UPDATED 23:18 EDT / MAY 08 2022

EMERGING TECH

It’s time to Uber and Airbnb the telecommunications industry

Verizon, can you hear me now?

I am sounding a call to arms to shake up, break up and decentralize your old industry. I’m not alone. I’m joined by hordes of telecom geeks decentralizing giants like you, AT&T and Vodafone.

Your old ways aren’t fit for modern life. Your semi-monopolies should disintegrate like dandelions in a summer wind. From your wreckage, something prettier will grow.

Who’s with me? Ready to compost telecoms?

Wireless and internet services are too important to be done this badly. We live and die by our devices. Maslow’s hierarchy of needs now includes Wi-Fi. When I’m out of cell range, I can feel my social connections fray. My most crucial daily vitamins are C, B12 and 5G.

And yet we’ve all been burned too many times by our monthly Verizon bills. Telecoms have been hosing me and my clients for decades. Job No. 1 for them wasn’t to solve their customers’ problems, it was raking in as much money as they could. I have never seen a telecom undercharge on a bill.

How is that possible? If you’re trying to accurately price your services, you’d think you’d accidentally overcharge sometimes and undercharge other times. Happens in restaurants all the time. Yet with telecoms, the mistakes always go their way. I love when companies reduce my bill; Slack lowers the bill for users that haven’t logged in for a month. So cool.

Most folks don’t know enough to fight telecom overcharges. It’s impossible to audit bills without buying specialized services. What a perverse incentive. I saved my companies billions by pointing out overcharges on our information technology contracts and telecom and hosting bills.

Telcos are extractive capitalism at its worst. It’s no wonder folks distrust telecoms, and are searching for exit routes. Telcos are as popular as poison ivy.

Net promoter scores are a standard way of measuring customer satisfaction, by ignoring the lukewarm customers and subtracting the percentage that are detractors — that is, unhappy — from those that are promoters — that is, delighted. A score of 100 is magnificent; -100 is catastrophic.

Four of the five lowest net promoter scores by industry according to Qualtrics are wireless carriers, utilities, internet service providers, and TV service providers, the components of the one-stop shopping that makes up today’s telco or cable company. According to NICE Satmetrix, the two lowest are cable/satellite TV, with an average NPS of 1, and internet service, with an average NPS of -1. This compares to department/specialty stores at 62 and tablet computers at 56!

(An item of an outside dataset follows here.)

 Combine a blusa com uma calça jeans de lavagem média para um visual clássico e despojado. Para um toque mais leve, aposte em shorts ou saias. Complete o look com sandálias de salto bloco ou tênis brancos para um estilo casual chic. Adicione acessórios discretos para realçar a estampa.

Aren’t telecoms ashamed of themselves for how they operate? For how much of the world distrusts them? If telecoms were people, they might get dates because they’re rich, but you wouldn’t invite them to Thanksgiving.

Part of the reason for low net promoter scores is the squeeze between two desires: on the one hand, customers’ desires for unlimited bandwidth and low rates, and on the other hand, service providers’ finite network capacity and immense capital investments. However, every industry must balance the needs of demanding customers with those of stakeholders. This doesn’t explain the horrifically low customer satisfaction scores.

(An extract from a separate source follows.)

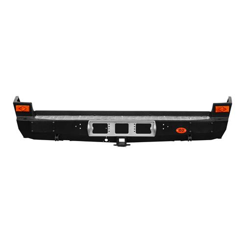 Задний силовой бампер на Toyota LC 100 (стандарт) с возможностью установки калиток. Вместо пластиковых катафотов бампер комплектуется двумя световозвращателями на самоклеящейся основе.

If telcos want to win back some of our favor, I suggest they try to elevate the way their business does business. Instead of simply trying to make the most money possible, telcos could:

  1. Make communications more accessible.

  2. Aim for positive social impact.

  3. Use their excess bandwidth to do good.

  4. Give a percentage of profits to local communities.

  5. Make their billing transparent.

Things are changing. As telecoms scooped cash out of our bank accounts, they used to be able to ignore us and abuse us. After all, they were the only game in town, the only popsicle stand in the desert. What were we gonna do? Hang tin cans from trees and build our own telecommunications network?

Finally, we can.

Market forces mean telcos can’t rely on monopoly any longer to maintain their margin. The monopoly power of big telecom is changing quickly. Telecom is getting fragmented and decentralized.

New players are coming up quickly to take telecoms apart. We are building our own networks. As one player in decentralized telecoms told Forbes, “What if someone could stick a box in their window, turn it on, and become their own cell tower all of a sudden? I hope this has started a movement towards people realizing you can do this in an open-source way without a big telco carrier.”

It’s beyond time. Who else wants to join the cause?

Tony Greenberg is a mission-driven human and lifelong entrepreneur, the founder of RampRate and Syzygy, advisory firms around sourcing and impact. He’s a top strategist for Fortune 500 companies, and now fosters and grows projects with transformative potential, including blockchain technologies that democratize access to investment, reduce the potential for corruption, create a new economy, “and elevate the way business does business.” He wrote this commentary for SiliconANGLE.